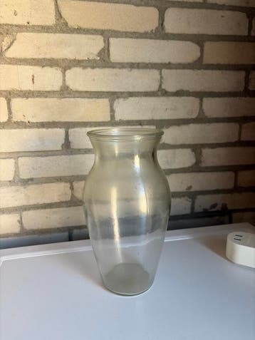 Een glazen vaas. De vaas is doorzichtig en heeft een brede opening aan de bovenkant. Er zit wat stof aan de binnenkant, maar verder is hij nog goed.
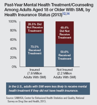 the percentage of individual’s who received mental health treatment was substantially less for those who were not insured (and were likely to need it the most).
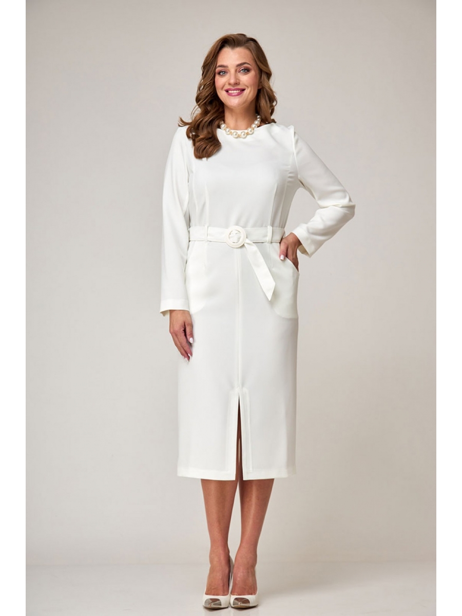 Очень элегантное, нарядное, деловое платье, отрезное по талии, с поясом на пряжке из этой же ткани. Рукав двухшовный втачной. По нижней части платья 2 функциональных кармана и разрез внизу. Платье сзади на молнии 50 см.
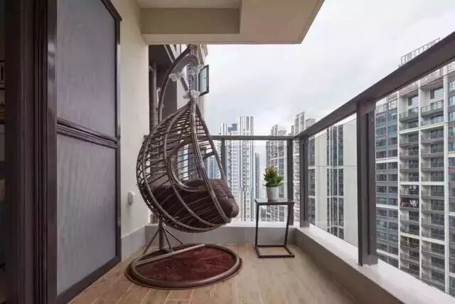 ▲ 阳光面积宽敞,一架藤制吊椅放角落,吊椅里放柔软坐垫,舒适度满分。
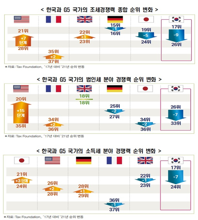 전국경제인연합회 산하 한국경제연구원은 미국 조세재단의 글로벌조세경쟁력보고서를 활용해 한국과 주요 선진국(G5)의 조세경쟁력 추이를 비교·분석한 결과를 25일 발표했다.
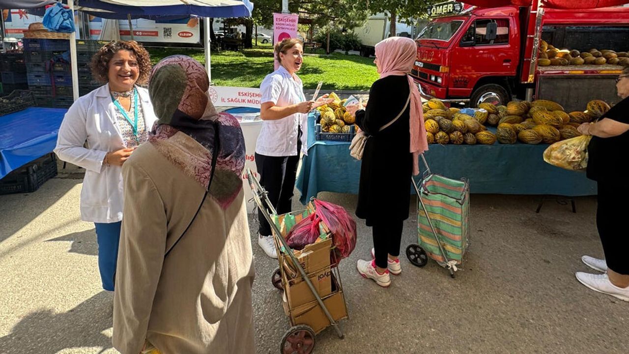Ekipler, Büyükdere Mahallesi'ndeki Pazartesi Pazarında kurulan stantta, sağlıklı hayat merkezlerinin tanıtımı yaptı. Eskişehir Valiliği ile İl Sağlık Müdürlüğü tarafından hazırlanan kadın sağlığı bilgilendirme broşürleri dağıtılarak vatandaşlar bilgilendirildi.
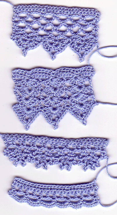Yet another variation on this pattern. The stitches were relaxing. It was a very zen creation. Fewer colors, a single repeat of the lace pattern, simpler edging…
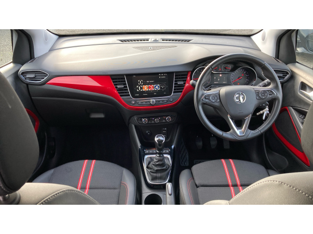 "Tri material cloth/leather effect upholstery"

===

Brief
Print the lines from the line containing "Ekipler, Büyükdere Mahallesi'ndeki" through the last line of the listing, exactly as they stand, and leave any pictures out.

Expected output
Ekipler, Büyükdere Mahallesi'ndeki Pazartesi Pazarında kurulan stantta, sağlıklı hayat merkezlerinin tanıtımı yaptı. Eskişehir Valiliği ile İl Sağlık Müdürlüğü tarafından hazırlanan kadın sağlığı bilgilendirme broşürleri dağıtılarak vatandaşlar bilgilendirildi.
Yet another variation on this pattern. The stitches were relaxing. It was a very zen creation. Fewer colors, a single repeat of the lace pattern, simpler edging…
 "Tri material cloth/leather effect upholstery"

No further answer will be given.